As co-founder and CEO of one of Australia’s most exciting space startups, Fleet Space Technologies, Flavia Tata Nardini and her team are preparing to launch 100 nanosatellites into space, which Fleet will use to ‘connect billions of sensors to track and change industries and ecologies across the globe.’
A former propulsion test engineer at the European Space Agency, Project Manager at TNO and co-founder of Launchbox, Flavia has worked across a broad range of innovative space projects, from micropropulsion systems for CubeSats to space debris removal systems, experience that directly informs Fleet’s rapid progress towards their goal, as they prepare for their first two launches later this year. Flavia sat down for this exclusive interview with Position ahead of her keynote at Locate ’18 – Geosmart Asia ’18.
Fleet recently won a $500,000 grant from the South Australian government to establish a mission control centre for nanosatellites – congratulations! What will this mean for Fleet’s goals for 2025, and Australia’s space industry more broadly?
At Fleet, we are thrilled to have been awarded the Future Jobs Fund grant from the South Australian government to build a mission control centre in Adelaide. We are putting South Australia on the map as a space hub. The Mission Control South Australia project is a tremendous step forward to support our local space industry, creating 17 full-time jobs in IT and advanced manufacturing.
As we prepare to deploy the first of our constellation of 100 nanosatellites this year, the mission control centre at Fleet’s Adelaide headquarters will be critical to our Australian and global operations.
Australia’s local space industry is buzzing.

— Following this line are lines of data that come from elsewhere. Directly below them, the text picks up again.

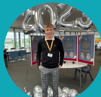
Business Admin Apprentice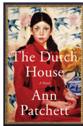
The Dutch House by Ann Patchett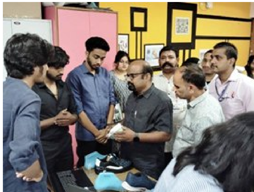
Jury members interacting with the students

'Asthara' – Exhibition, Jury & Display of Artistic Craftsmanship was held at FDDI, Hyderabad Campus on 15 th May 2024, during which the students of FDDI School of Footwear Design & Production (FDP) of 2021 batch & 2023 batch (Foundation) displayed their artistic craftsmanship presentation.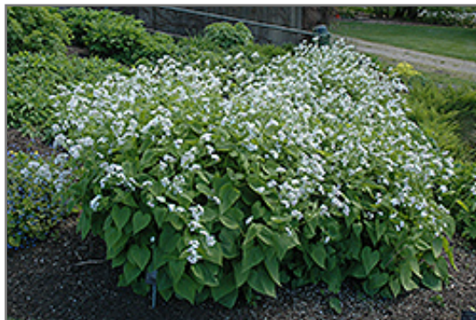
Perennial Money Plant in bloom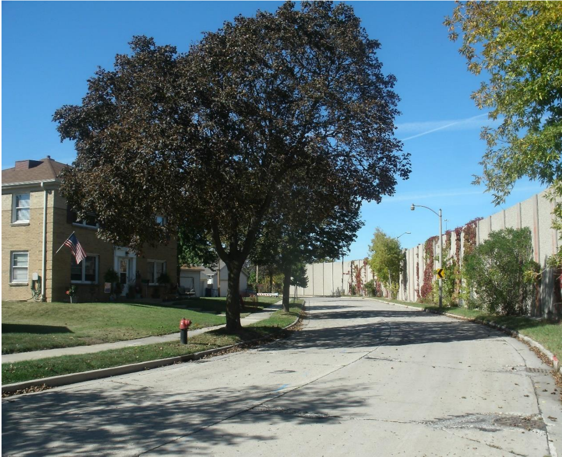
Figure 7: A concrete sound barrier separates I-43 from a residential neighborhood near South 5 th Street and West Warnimont Avenue.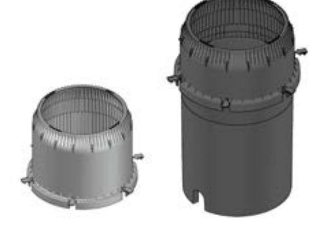
Injection Molded Meter Pit Extension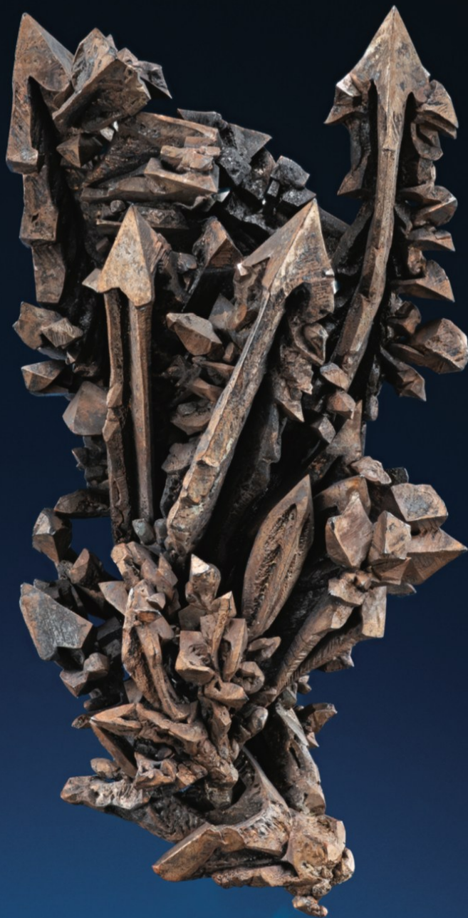
COPPER Phoenix Mine, Keweenaw County, Michigan, USA 5.3cm - Steve Smale Collection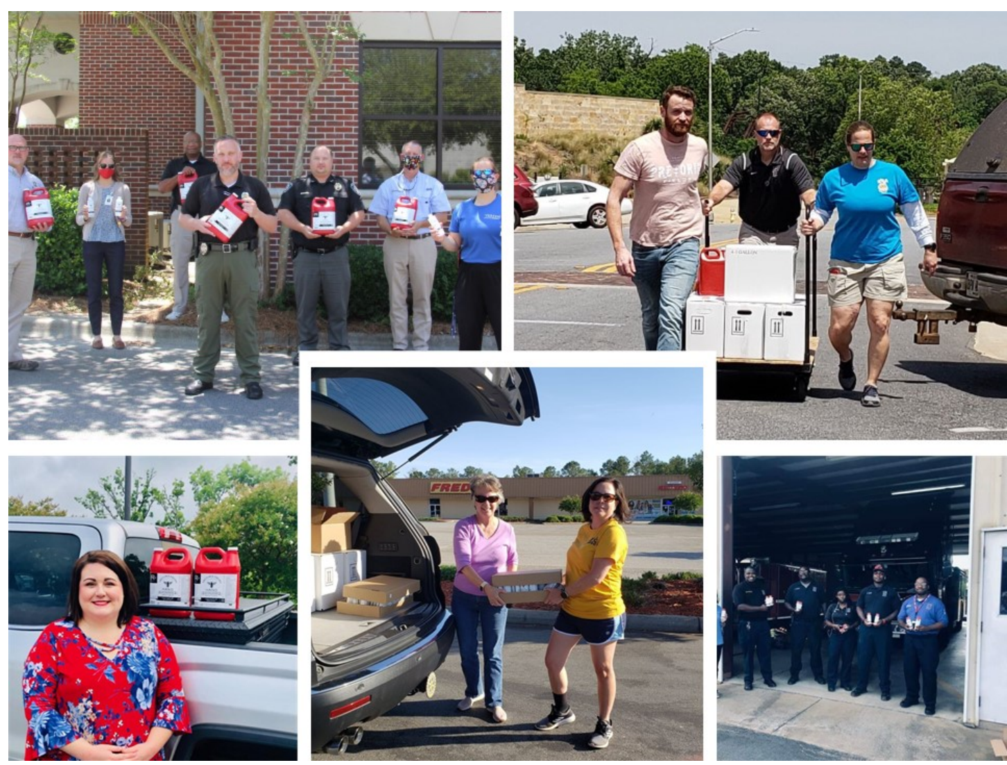
Posted by Anne Glenn June 1, 2020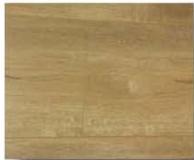
1804 - Toffee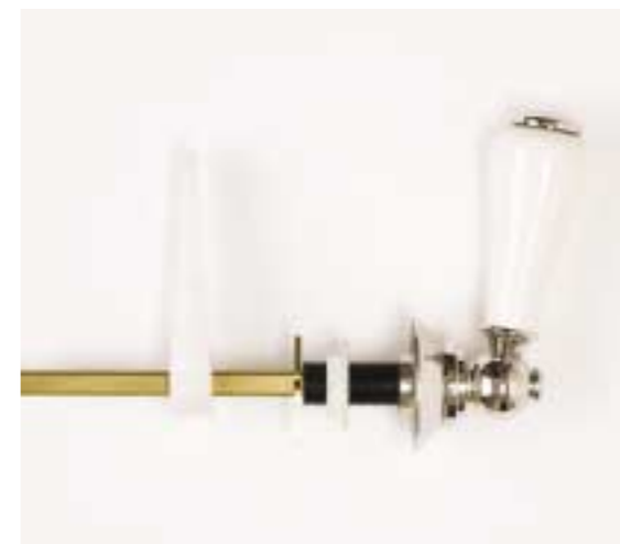
LOW LEVEL CERAMIC CISTERN LEVER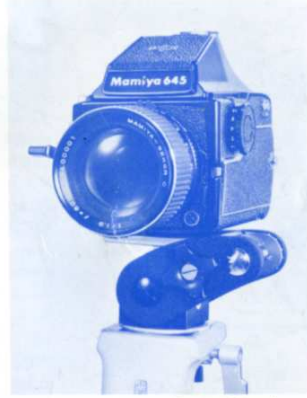
Printed in Japan

The mission control centre highlights the momentum, growth and commitment of government and industry to build a dynamic and ambitious space industry on Australian soil. It really is an exciting time to be a space business in South Australia!

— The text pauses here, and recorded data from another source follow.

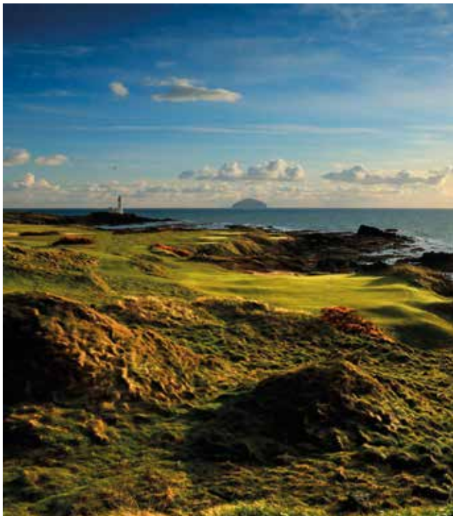
PLAY TURNBERRY'S CHAMPIONSHIP LINKS

LOCATED ON THE RUGGED AYRSHIRE COAST, TRUMP TURNBERRY, A LUXURY COLLECTION RESORT, SCOTLAND HAS OVER 100 YEARS OF HERITAGE AND HISTORY; IT IS AN ICONIC DESTINATION KNOWN THROUGHOUT THE WORLD.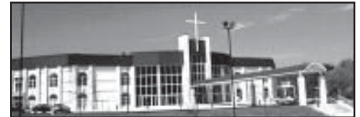
Immanuel’s Church Worship Center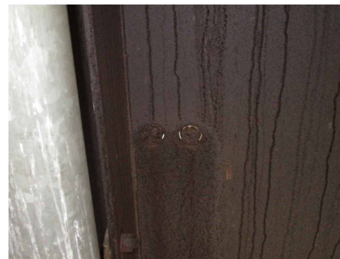
PHOTO LOCATION LEGEND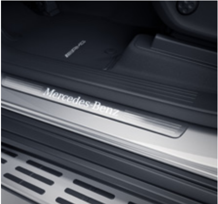
AMG floor mats (U26)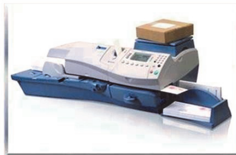
Simple & Cost-Effective Autofeed & WOW™ DP Systems for Low to Mid-Volume Mailers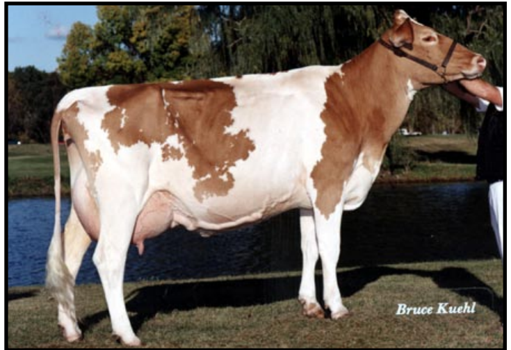
Maplehurst BB Biddy HM All-American Jr. 3-Year-Old 1999 Maternal Sister to 3rd Dam of Lot 29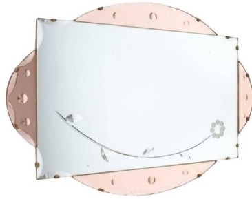
French Scalloped Duo Colored Glass Mirror

Could you describe Fleet Space Technologies’ ultimate objective and the rationale for it?
At Fleet, we’re transforming the future of industries from space by launching a world-first constellation of nanosatellites to ubiquitously connect the world’s soon-to-be-online 75 billion devices. Once live, this network will create a digital nervous system that covers the planet, creating a world more connected than ever before.
The world is facing some huge challenges in the coming years: we live in an era of exponential population growth, increasing environmental challenges and rapid resource depletion. The constellation of nanosatellites will power the next industrial revolution, giving businesses new access to data and connectivity, so that many of these issues can be solved.
What are the key ways that you see the ‘Internet of Things’ and use of connected devices in changing the way we live and work? Which industries are poised to reap the benefits first?
Space technology is on the verge of revolutionising nearly every facet of life as we know it. The future of connected devices will transform how businesses operate across industries in all corners of the globe, from helping businesses find new and efficient ways of working; monitoring environmental challenges; and embedding new technologies and instantaneous data into our personal daily activities.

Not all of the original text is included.